Il y a quelques jours, je plaidais devant la Cour d'Assises des Bouches du Rhône.
Je défendais un accusé en état de récidive pour des faits de vols avec arme. Il s'agissait de sa troisième comparution devant la juridiction criminelle.
Cet homme à l'enfance saccagée avait passé la plus grande partie de sa vie en prison. Malade du sida, il avait commis les faits lors d'une permission de sortie.
Or, juste avant que la Cour ne prononce son arrêt, j'ai vécu un moment insolite.
Un juré muni d'un appareil photographique a souhaité me prendre en photo tout d'abord seul, puis a insisté auprès de l'huissier d'audience afin que celui-ci nous prenne en photo tous les deux. Il était visiblement heureux d'avoir participé en qualité de juré populaire à l'oeuvre de justice, m'indiquant qu'il garderait ainsi un souvenir de cette expérience.
Il est vrai que si demain les jurés disparaissent en première instance, selon le projet du Garde des Sceaux, cette photographie sera vraiment un souvenir de Cour d'Assises !...

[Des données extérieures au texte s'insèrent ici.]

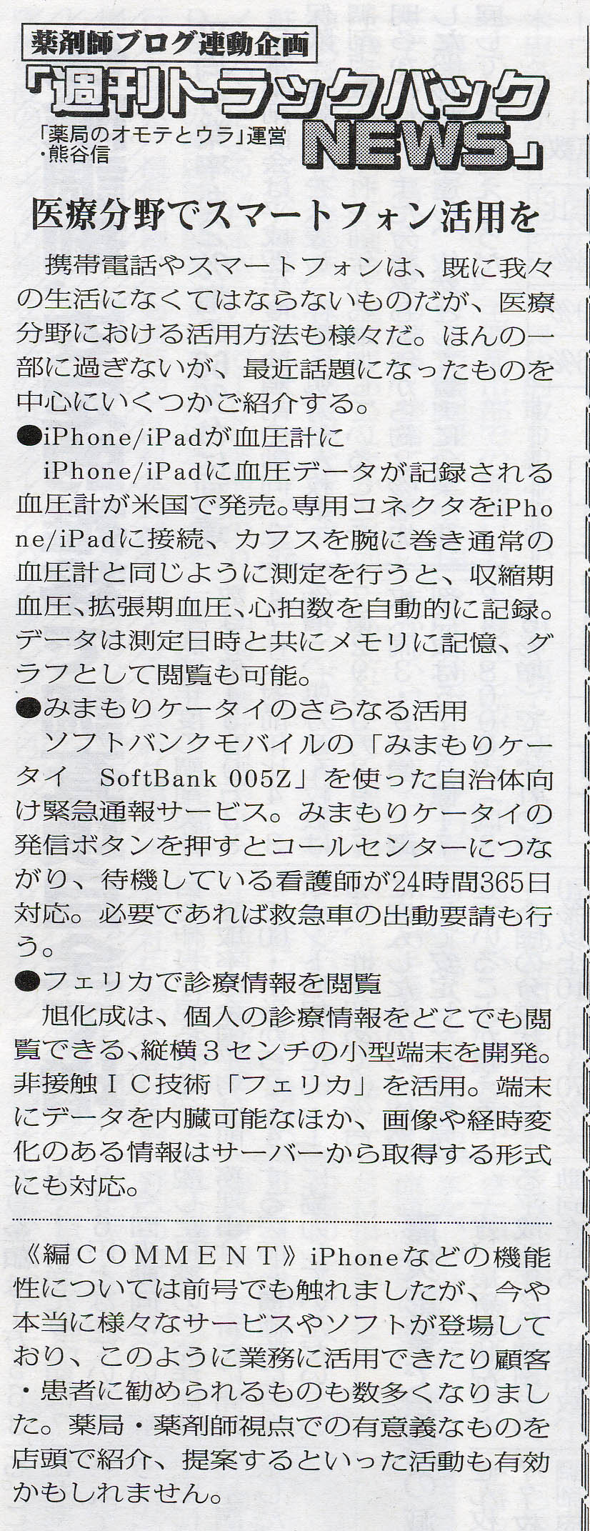 薬局新聞連載の「週刊トラックバックNEWS」第188回です。スマートホンの活用例については、今後ますますいろいろと出てくるでしょうね。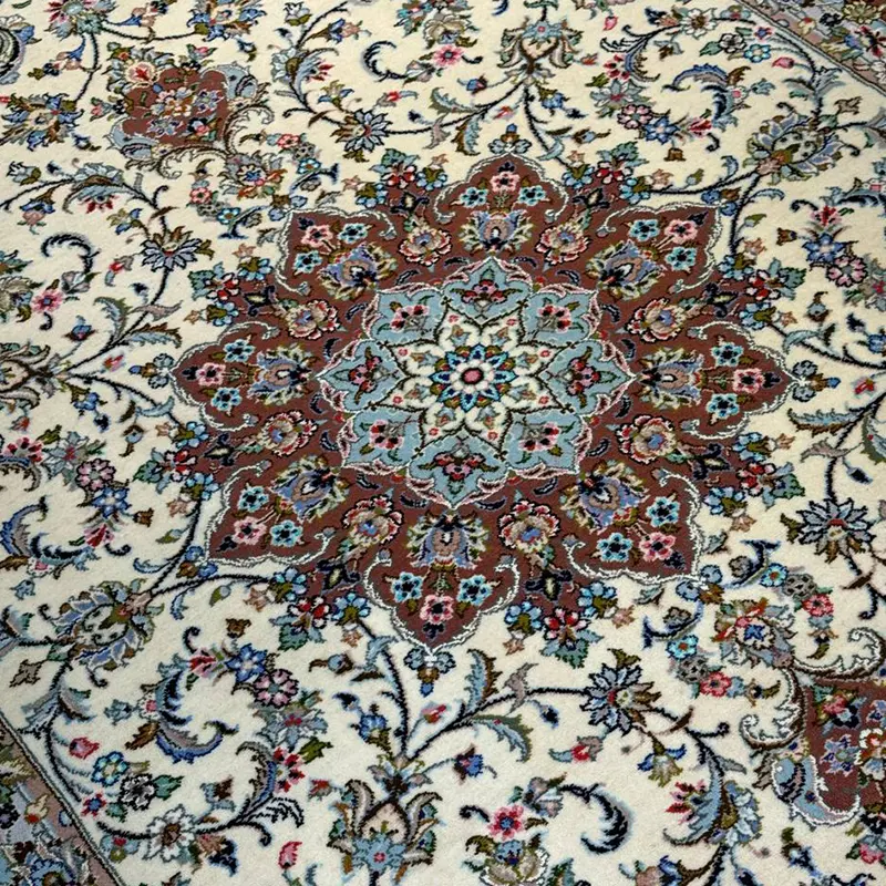 زیبایی و اصالت: طرح گل ابریشم و رنگ خاکی حاشیه، جلوهای باشکوه و در عین حال آرامبخش ایجاد میکند.

Le Conseil d'Etat a annulé un décret de septembre 2008 autorisant l'emploi par les agents de police municipale de pistolets à impulsion électrique dit « taser » sans remettre en cause pour autant le principe même de l'emploi de cette arme.
La Haute Juridiction considère ainsi que les particularités de cette arme imposent que son usage, qui comporte des dangers spécifiques, soit précisément encadré et contrôlé.
Le Conseil d'Etat a alors évalué les garanties attachées à son usage. Si celles-ci ont été jugées suffisantes pour les agents de la police nationale, ce ne fut pas le cas les agents de police municipale.
Sont ainsi montrées du doigt, l'absence de formation des agents, l'absence de procédure d'évaluation et de contrôle périodiques et l'inexistence d'expression des précautions d'emploi.
Suite à cette décision, le Ministre de l'Intérieur a précisé qu'un nouveau décret serait prochainement pris afin de redonner une base juridique légale à l'utilisation du « taser ».
On se souvient que l'usage du « taser » avait été très critiqué par certains, dont Monsieur Olivier BESANCENOT, lequel avait été poursuivi par la société distributrice du « taser » en France.
La loi du 8 février 2010 tendant à inscrire l'inceste commis sur les mineurs dans le Code Pénal et à améliorer la détection et la prise en charge des victimes d'actes incestueux est parue au Journal Officiel le 9 février 2010.
Cette loi introduit plusieurs éléments dans le Code Pénal et le Code de Procédure Pénale.
La loi crée un nouvel article 222-31-1 qui qualifie d'incestueux « les viols et agressions sexuelles lorsqu'ils sont commis au sein de la famille sur la personne d'un mineur par un ascendant, un frère, une soeur ou par toute autre personne, y compris s'il s'agit d'un concubin, d'un membre de la famille, ayant sur la victime une autorité de droit ou de fait ».
A peine parue, la loi suscite déjà de nombreux débats sur la nature juridique de cet « inceste » intégré au Code (ni circonstance aggravante, ni nouvelle infraction, il a pu être nommé par certains « sur-qualification ».
Fallait il faire entrer l'inceste dans le Code Pénal ?
Le débat est ouvert.
La Cour de Cassation, chambre criminelle, a prononcé le 30 septembre 2009 un arrêt fort intéressant.
En effet, aux termes de cet arrêt, lorsque le certificat d'immatriculation d'un véhicule verbalisé pour excès de vitesse est établi au nom d'une personne morale, seul le représentant légal de celle-ci peut être déclaré redevable pécuniairement de l'amende encourue.
Doit donc être cassé l'arrêt qui a condamné pécuniairement une société titulaire du certificat d'immatriculation du véhicule verbalisé pour excès de vitesse.